Tuesday, June 18, 2013

Boxed at Happy Child

After a year-long hiatus and his brief run as head chef at Leslieville's wine bar Skin + Bones, chef Matthew Sullivan (@GastroMatthew) returns to Boxed (Twitter: @BoxedToronto, Facebook: BOXED), a pop-up dinner series launched by Sullivan himself two years ago. 

Boxed's latest dinner took place on June 3rd & 4th at the Queen West bar Happy Child (Twitter: @happychildbarFacebook: Happy Child) and at $70 per head, guests were served a Taiwanese-style, locally-sourced six-course meal alongside drink pairings.  

Similar to the supper club's previous events, tickets to this Boxed dinner were sold online with the event's location revealed through email a couple of days prior.
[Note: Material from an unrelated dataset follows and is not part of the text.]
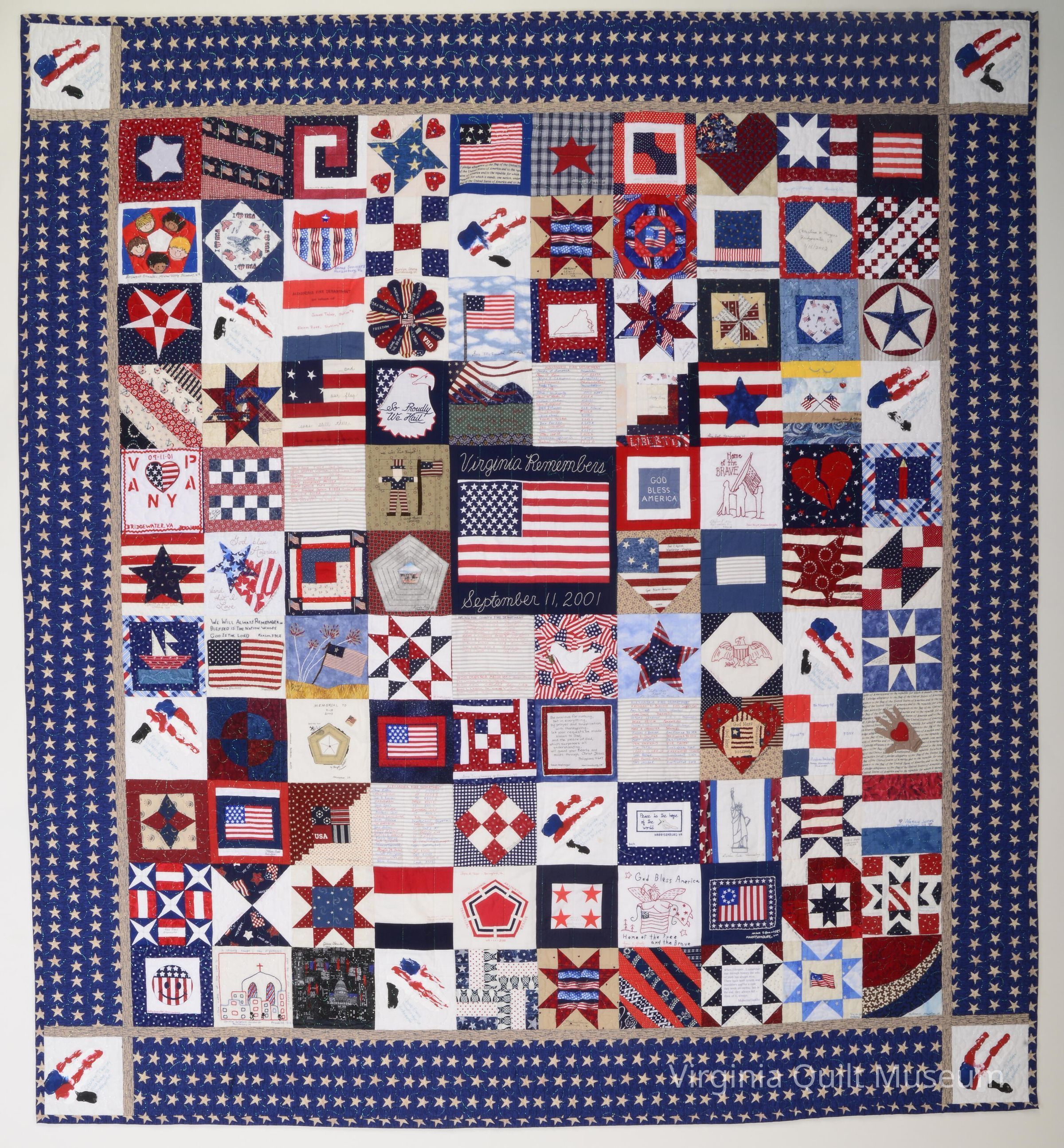 206 individual blocks of red, white, and blue fabrics. Patriotic theme and motifs with 6 inch star print fabric all around. Hand prints in paint on each corner. Machine quilted with hand embroidery, painting, cross-stitch, and photo transfer.Context

Courses that night were paired with a selection of cocktails and Ontario VQA wines chosen by Sullivan.

Here's what we had:

Beef tartar with XO sauce

Shumai - Shrimp cream, dried scallop and pork consomme, foie gras mousse 

Salmon belly with fried rice, maple syrup and foie gras

Beef and fermented mushroom broth with toasted noodles, beef tendon and black cod

Oysters with fermented mushroom vinegar topped with scallions

Fried tofu with smoked pepper mayo, seaweed, smelts, shishito peppers and burnt honey

Lake Erie perch on lobster congee with BC side stripes and fried shallot

Charred then slow cooked beef cheek in XO sauce served on steamed Asian greens

Torched custard, stewed strawberries, tapioca and doughnuts

Chef Sullivan, who has staged at Din Tai Fung in Taipei last year, really showed his love for Asian cuisine at this Boxed dinner (Din Tai Fung, best known for their xiaolongbao, is an award-winning restaurant in Taiwan.) Sullivan incorporated many popular ingredients used in Asian cooking that I am very familiar with (and love!) such as XO sauce, various types of dried seafood, congee, as well as beef cheeks and beef tendons. Highlights for me that night were Sullivan's clever use of XO sauce in the beef tartare - it was one clean and tasty bite! A great start to the evening. I really enjoyed the perfectly cooked noodles too, and as for the beef and mushroom fermented broth? WOW. It was so fragrant and robust n flavour...it was almost like.... natural MSG :) The spicy, fried tofu topped with a crunchy medley of peanuts, seaweed, smelts and a light drizzle of pepper mayo was delightful. The incorporation of congee with the Lake Erie perch was very unique and creative. Even the dessert, made by Happy Child's co-owner and chef Fan Zhang, continued with the night's Asian theme by pairing tapioca to the ever-so-popular doughnut snack.